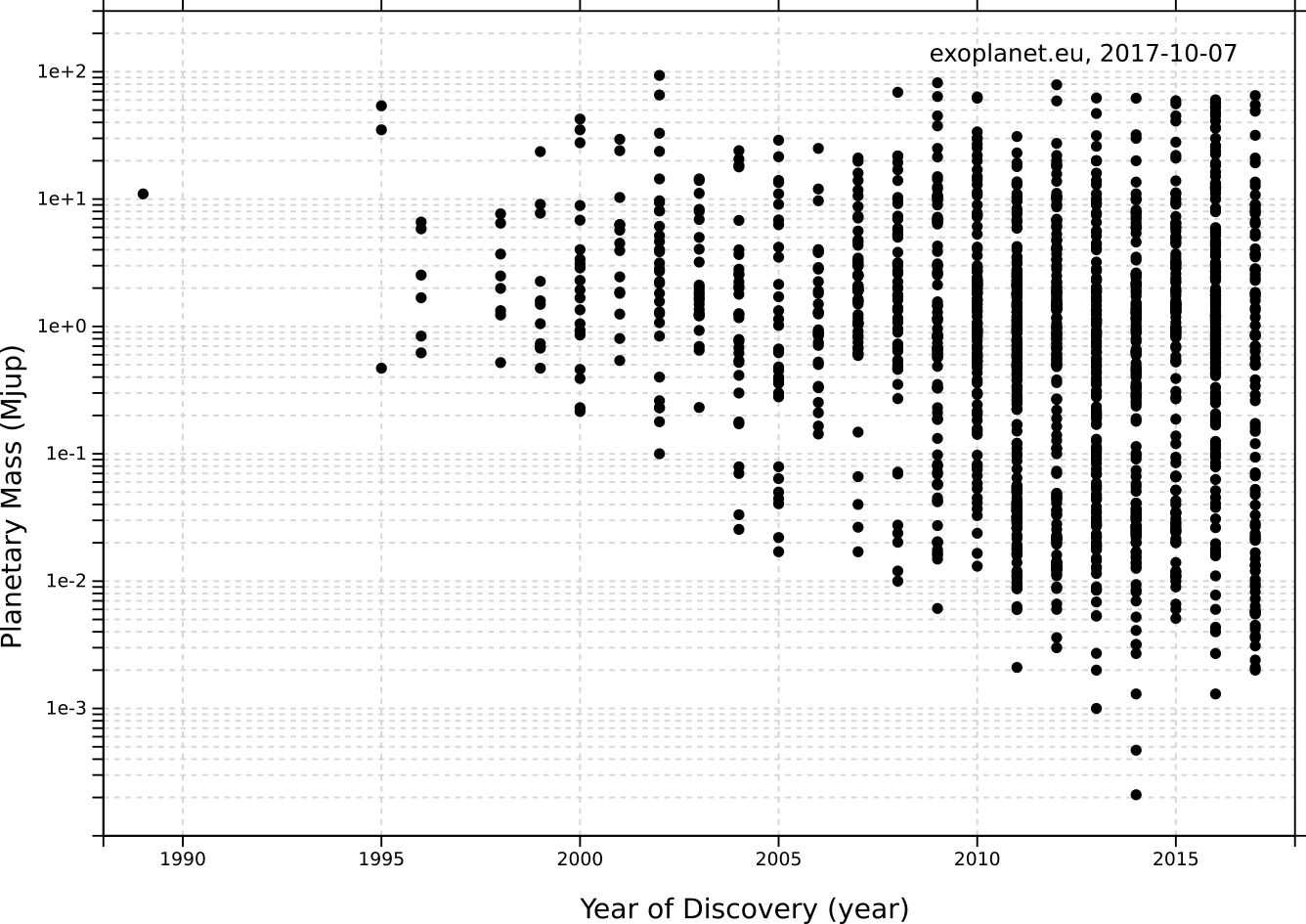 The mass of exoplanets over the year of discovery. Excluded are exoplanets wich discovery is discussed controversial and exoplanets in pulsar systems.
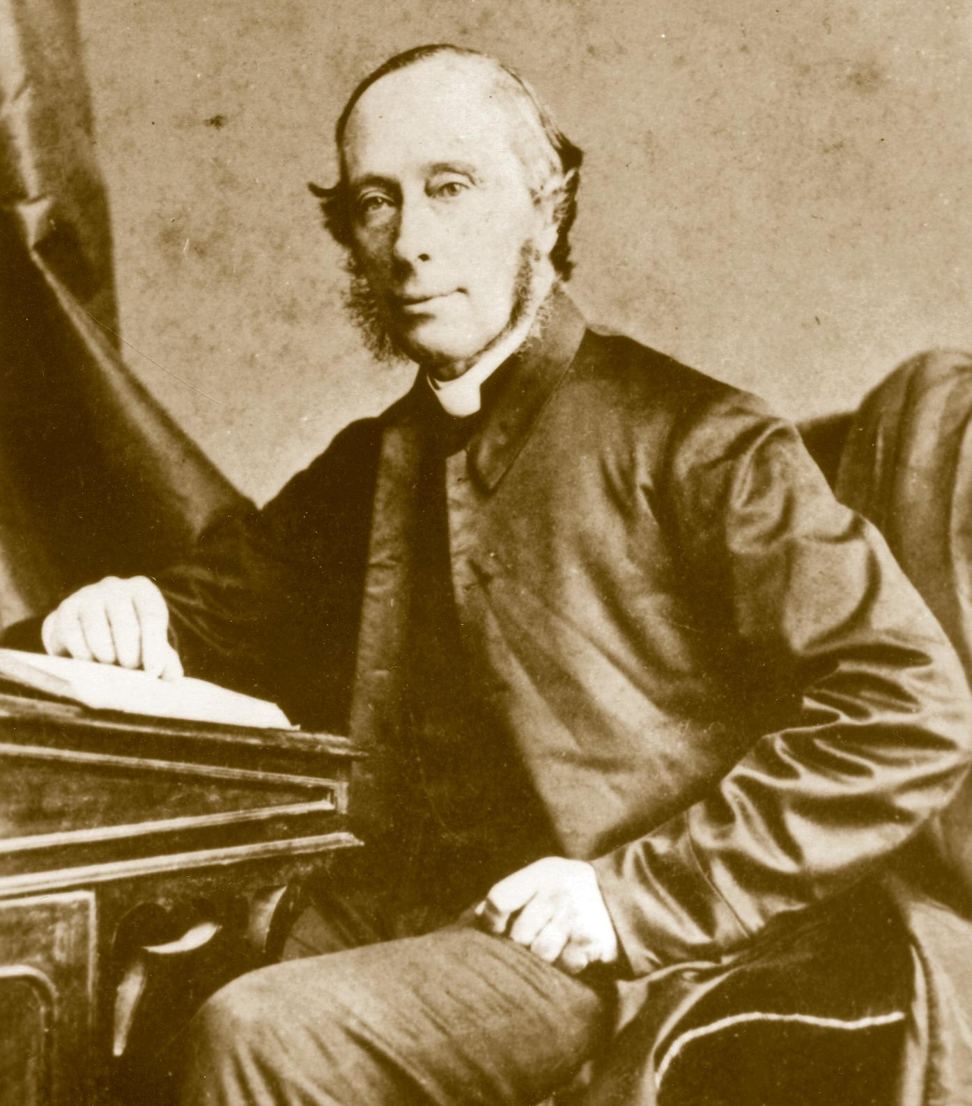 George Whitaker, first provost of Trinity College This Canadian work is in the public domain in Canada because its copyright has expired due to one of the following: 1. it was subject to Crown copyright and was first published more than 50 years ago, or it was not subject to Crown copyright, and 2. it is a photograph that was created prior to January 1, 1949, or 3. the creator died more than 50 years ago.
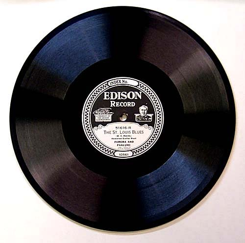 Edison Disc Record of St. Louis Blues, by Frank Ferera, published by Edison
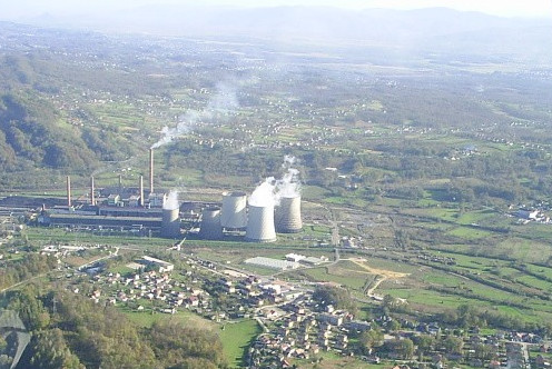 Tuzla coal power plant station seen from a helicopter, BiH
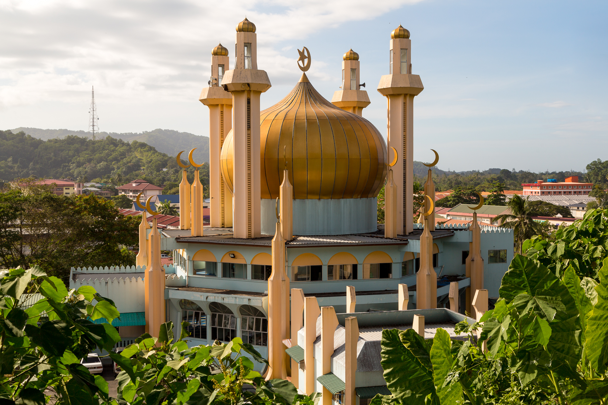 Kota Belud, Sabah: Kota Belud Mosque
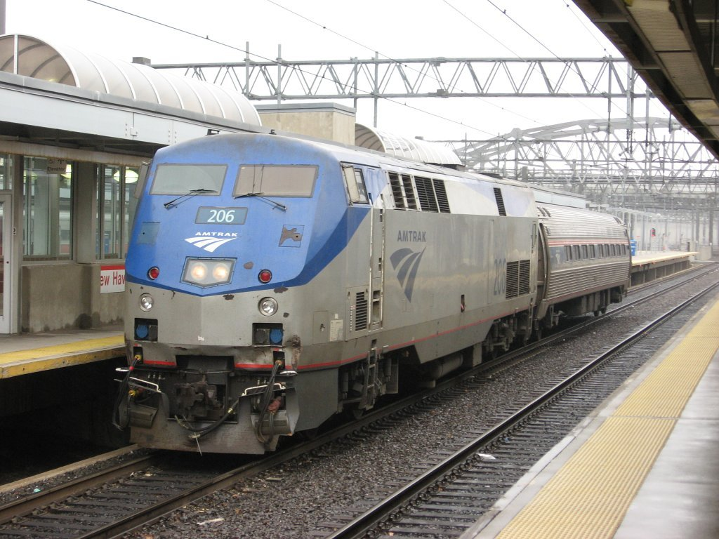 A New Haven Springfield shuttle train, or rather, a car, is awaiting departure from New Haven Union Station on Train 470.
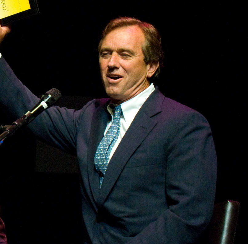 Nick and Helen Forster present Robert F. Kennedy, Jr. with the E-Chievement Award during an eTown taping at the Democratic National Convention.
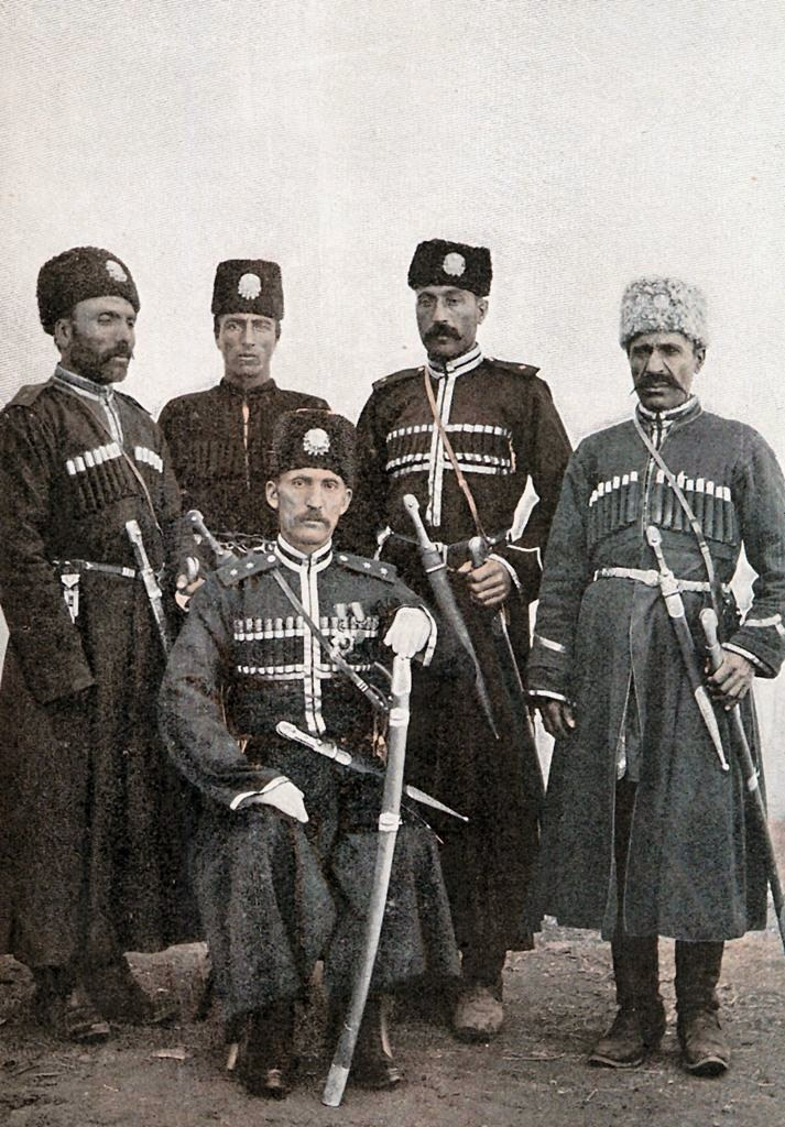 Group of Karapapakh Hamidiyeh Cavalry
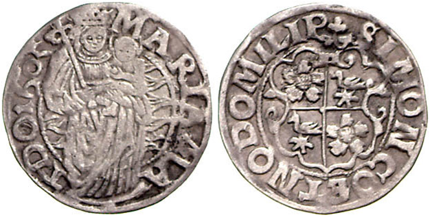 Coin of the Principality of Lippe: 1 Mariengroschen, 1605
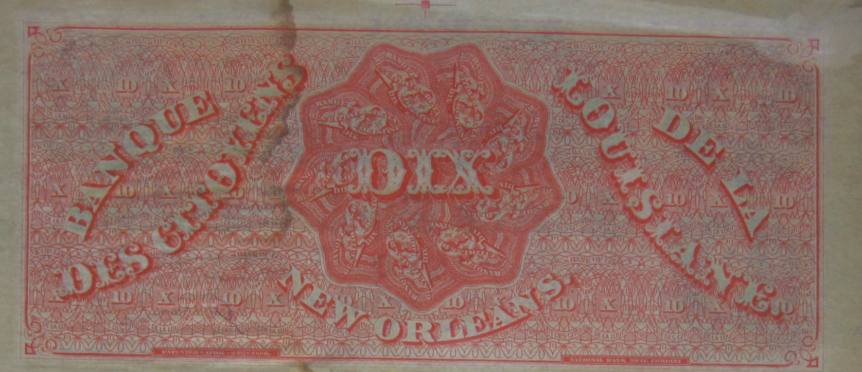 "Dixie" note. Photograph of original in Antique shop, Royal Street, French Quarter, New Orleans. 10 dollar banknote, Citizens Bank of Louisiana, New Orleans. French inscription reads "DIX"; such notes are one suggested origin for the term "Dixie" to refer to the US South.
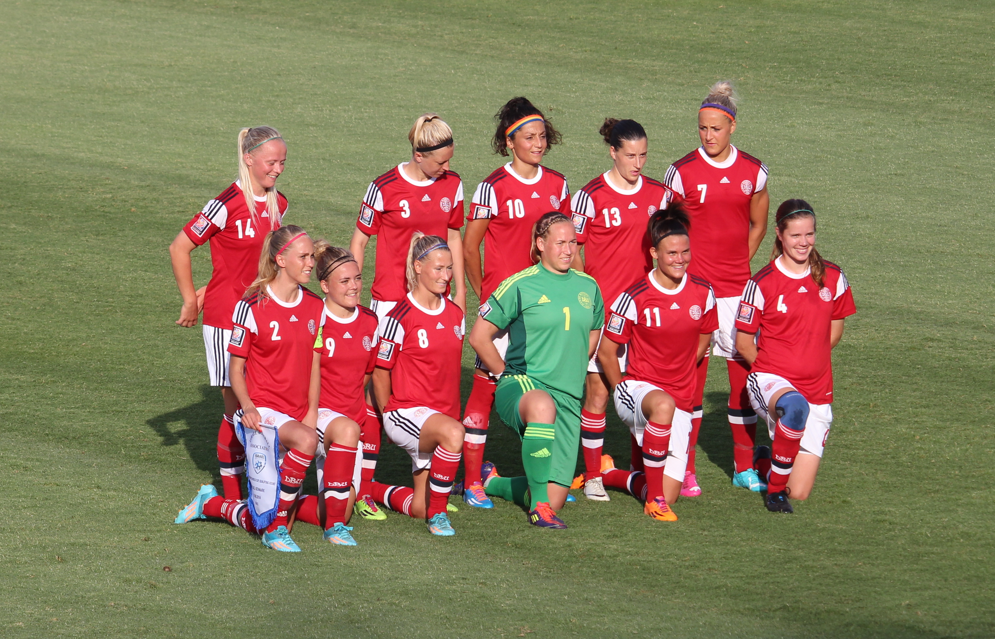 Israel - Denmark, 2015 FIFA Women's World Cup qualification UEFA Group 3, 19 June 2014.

----

= ABOUT THIS EXERCISE =
Working from the line with "the US South." to the last line of the material above, repeat each line exactly and leave out the pictures.

= SOLUTION TO THIS EXERCISE =
 "Dixie" note. Photograph of original in Antique shop, Royal Street, French Quarter, New Orleans. 10 dollar banknote, Citizens Bank of Louisiana, New Orleans. French inscription reads "DIX"; such notes are one suggested origin for the term "Dixie" to refer to the US South.
 Israel - Denmark, 2015 FIFA Women's World Cup qualification UEFA Group 3, 19 June 2014.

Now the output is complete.